Herr Küberl hat Recht. Ich bin tatsächlich so gottlos, dass ich nicht verstehe, warum sich jemand auf einen Gott beruft, um einem Menschen zu helfen. Erstürbe der Gottesglaube, bliebe die Hilfe dann aus? Der theologische und philosophische Aufwand, den Küberl treibt, ist so bombastisch, dass man sich fragt: Was ist das für ein Glaube, der sich derart absichern muss. Glaube ist, wie das Wort sagt, Glaubenssache, über die sich nicht streiten lässt, er ist ein Akt des Trotzes gegen eine Vernunft, die unerbittlich nach dem Argument verlangt. Diese Unerbittlichkeit mag als unmenschlich empfunden werden, weshalb der eine oder andere sich dem Wissen und der Reflexion verweigert und dem Glauben hingibt.
Der Glaube, angeblich das Intimste, scheint eine recht verdinglichte Angelegenheit zu sein, sonst würde er sich nicht so leicht in Glaubensgemeinschaften organisieren und von Priesterkasten dirigieren lassen. Die vereinigten Glaubensgemeinschaften nennt Küberl zutreffend Schicksalsgemeinschaft. Möge diese so enden wie die vor 60 Jahren.
Herr Leser hat Recht. Er hat nur vergessen, sich selbst auf seine Liste der Gottesbeweise zu setzen. Großer Sozialphilosoph und bedeutender Sozialdemokrat in einer Person, kann Leser nicht nur Produkt der Natur sein.
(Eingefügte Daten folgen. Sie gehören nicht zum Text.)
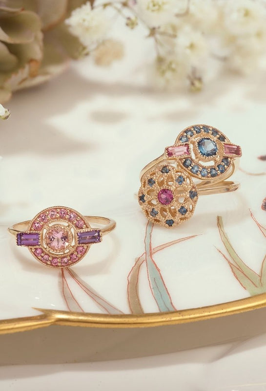 Ces pièces signatures sont des créations exclusives, fruits de la rencontre du vermeil et de pierres semi-précieuses. Créations intemporelles et audacieuses qui mêlent habilement la modernité à des inspirations rétro, elles font rayonner les femmes au quotidien et dans tous les moments importants de leur vie.
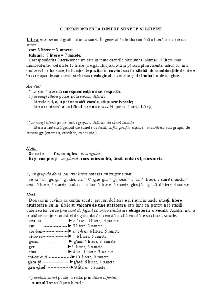 Corespondenţa Dintre Sunete Si Litere

Die heutige Sozialdemokratie, nicht unwesentlich von Leser geprägt, ist die religiöse Abart des Sozialismus. Deren von der Nachtschicht befreite Funktionärsschicht, die Arbeiteraristokratie, dünkt sich wie jede andere Aristokratie gottgewollt und wird von Republikanern ebenso wie von Revolutionären verachtet. Einen Sonnenkönig hat die österreichische Sozialdemokratie in Gestalt Kreiskys bereits hervorgebracht, sie wird auch noch einen Sonnengott, wenn auch nur einen aus dem Sonnenstudio, hervorbringen, und Leser wird ihn im Namen seines Herrn und seiner Herren weihen.
Herr Thurnher hat Recht. Meine Sprachkritik an ihm ritzt nur die Oberfläche. Dass ein Journalist nicht schreiben kann, ist nicht außergewöhnlich. Dass der Journalist Thurnher das Gegenteil dessen schreibt, was er sagen will, und dann noch in einer Entgegnung des Langen und Breiten darlegt, es würde sich in seinem Artikel der Sinn seiner Rede schon irgendwann erschließen, ist insofern bemerkenswert, als die sprachliche Verwahrlosung bereits selbstbewusster Ausdruck geistiger Korruption ist.
Thurnher ist tatsächlich das beste Beispiel für einen Journalisten, der mit einer alternativen Geste posiert, welcher aber nur kleinmütiges Gefasel folgt, so konformistisch obendrein, dass es selbst den rackets die Sprache verschlägt und sie Thurnher bitten, fortan auch für sie zu sprechen. Seitdem verkörpert Thurnher den idealen Medienlieferanten, der, weil er nichts zu sagen hat, zu allem und jedem etwas sagt, und dabei voll Sorge um den Gang der Welt bauernschlau den Kopf wiegt.
Mittlerweile sind die politisch Alternativen, die alles gesund beten, aber nichts verändern wollen, die Ersatzpfaffen dieser Gesellschaft, und Thurnher ist der Hirt, der sie auf jene sprachliche Weide führt, auf der die Unverbindlichkeit gedeiht und die Phrase blüht.